Additional embodiments of the disclosure include only a framework section (FR1, FR2. FR3 or FR4) or sections of the IGHV sequences or the VH domains. For example, a framework section or sections are of a germline family member modified according to the disclosure. In addition, the disclosure includes an IGHV or full length VH such that the CDRs may be the same or different than those for the IGHV sequences or VH domains identified herein. Accordingly, aspects of the disclosure are directed to polypeptides comprising one framework region or two, three or four framework regions of a human heavy chain V-gene portion (IGHV) of an antibody or full length VH, wherein the IGHV amino acid sequence or full length VH comprises one or more amino acid substitutions that result in an improved biophysical property such as increased thermal stability, increased cellular expression, and decreased VH dimerization and light chain pairing, as compared to a wild-type IGHV sequence lacking the one or more amino acid substitutions. The IGHV sequences may also include the framework portion of the J chain. The polypeptides may include any one of the above-described amino acid substitutions or combinations thereof. To the extent that one of the modified amino acids falls within one of the CDRs of the IGHV or VH domain, the remainder of the CDR may be the same or different than those identified in the sequences disclosed herein.

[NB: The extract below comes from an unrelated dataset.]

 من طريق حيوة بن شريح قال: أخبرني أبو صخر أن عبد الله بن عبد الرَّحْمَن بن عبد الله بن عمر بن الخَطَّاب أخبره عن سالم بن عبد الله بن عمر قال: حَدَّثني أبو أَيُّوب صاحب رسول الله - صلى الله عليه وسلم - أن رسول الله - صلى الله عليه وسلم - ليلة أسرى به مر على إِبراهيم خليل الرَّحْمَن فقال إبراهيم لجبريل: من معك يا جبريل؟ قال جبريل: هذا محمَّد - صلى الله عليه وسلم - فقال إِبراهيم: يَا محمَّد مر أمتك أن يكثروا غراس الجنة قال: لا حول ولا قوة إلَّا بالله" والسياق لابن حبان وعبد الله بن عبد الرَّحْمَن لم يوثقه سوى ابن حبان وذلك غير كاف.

In several of the Figures, CDR3 for several of the amino sequences (amino acid positions 93-102, including amino acids 100a, 100b, 100c, 100d, 100e, 100f, 100g, 100h, 100i, 100j, 100k, and 100l according to the Kabat numbering system) are identified with “X” amino acids. Consideration of the CDR3s across the several germlines reflects that the CDR3 sequences have only a limited amount of homology. As an example, with regard to the VH domains in FIGS. 2A-2O:

- (a) there is a minimum of 6% and maximum of 50% identity between HCDR3s with an average identity near 25% across all the sequences, and
- (b) there was a minimum length of 12 and a maximum length of 21 residues with an average length of 14.6 residues.

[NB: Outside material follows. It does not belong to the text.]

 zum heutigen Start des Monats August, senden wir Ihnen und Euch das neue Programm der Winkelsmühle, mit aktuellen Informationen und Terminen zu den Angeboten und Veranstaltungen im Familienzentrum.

Similarly, with regard to the VH domains in FIGS. 3A-3N:

- (a) there is a minimum of 6% and maximum of 50% identity between HCDR3s with an average identity near 25% across all the sequences, and
- (b) there is a minimum length of 12 and a maximum length of 21 residues with an average length of 14.6 residues

These data indicate that the observed stabilization effects as a result of the various VH domain substitutions that were tested (see e.g., Example 1) were not HCDR3-dependent. Instead, the data indicate that the amino acid substitutions disclosed herein, regardless of CDR3, were surprisingly and unexpectedly stabilizing for each of their germline families. Several of the variable domain portions of germline origin modified VH domains of the disclosure that are shown in FIGS. 1A-1H and 5A-5I include amino acids 1 to 94 or 95 (according to the Kabat numbering system) and represent the V-genes.

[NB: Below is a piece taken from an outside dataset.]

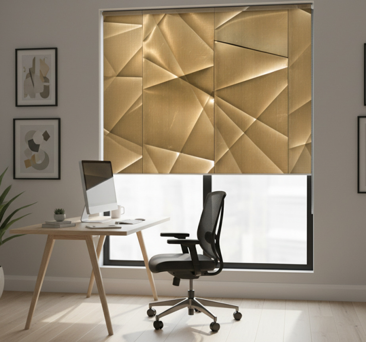 The Office roller blind with 3d golden polygon design office roller blind is not just a window covering; it's a statement piece that transforms your office into a stylish haven. By incorporating this roller blind into your decor, you elevate the entire ambiance, inspiring creativity and productivity. The mesmerizing golden polygon design seamlessly blends elegance with modernity, making it an ideal choice for anyone looking to enhance their office space.

The VH substitutions of the disclosure are shown to improve at least the stability and/or expression of the VH domains having origins over multiple germline origins. Accordingly, such substitutions are not limited to particular VH domain amino acid sequences and instead may be useful over a wide range germlines and sequences. In addition, the VH substitutions described herein can result increased stability and/or expression regardless of the CDRs and their corresponding antigen or epitope. Therefore, the VH substitutions described herein are suitable for use with any VH domain, regardless of germline and regardless of CDRs.

In other aspects of the disclosure, the substitutions may be used in sequences that are similar, but not identical, to the IGHV sequences or full length VH domains described herein. For instance, the substitutions described herein may be used in sequences that are at least 50%, 60, 70%, 80%, 85%, 80%, 85%, 90%, 91%, 92%, 93%, 94%, 95%, 96%, 97%, 95% or 99% identical to the IGVH sequences or full length VH domains described herein, wherein the CDRs the are excluded from the determination of the percent identity. For example, the substitutions of the disclosure may be used in IGVH sequences or the VH domains having at least 50%, 60, 70%, 80%, 85%, 90%, 91%, 92%, 93%, 94%, 95%, 96%, 97%, 95% or 99% identity to any one of the framework portions of SEQ ID NOS: 1-50, and 76-627 and their alleles, along with other IGHV and VH domains of human antibody germline sequences.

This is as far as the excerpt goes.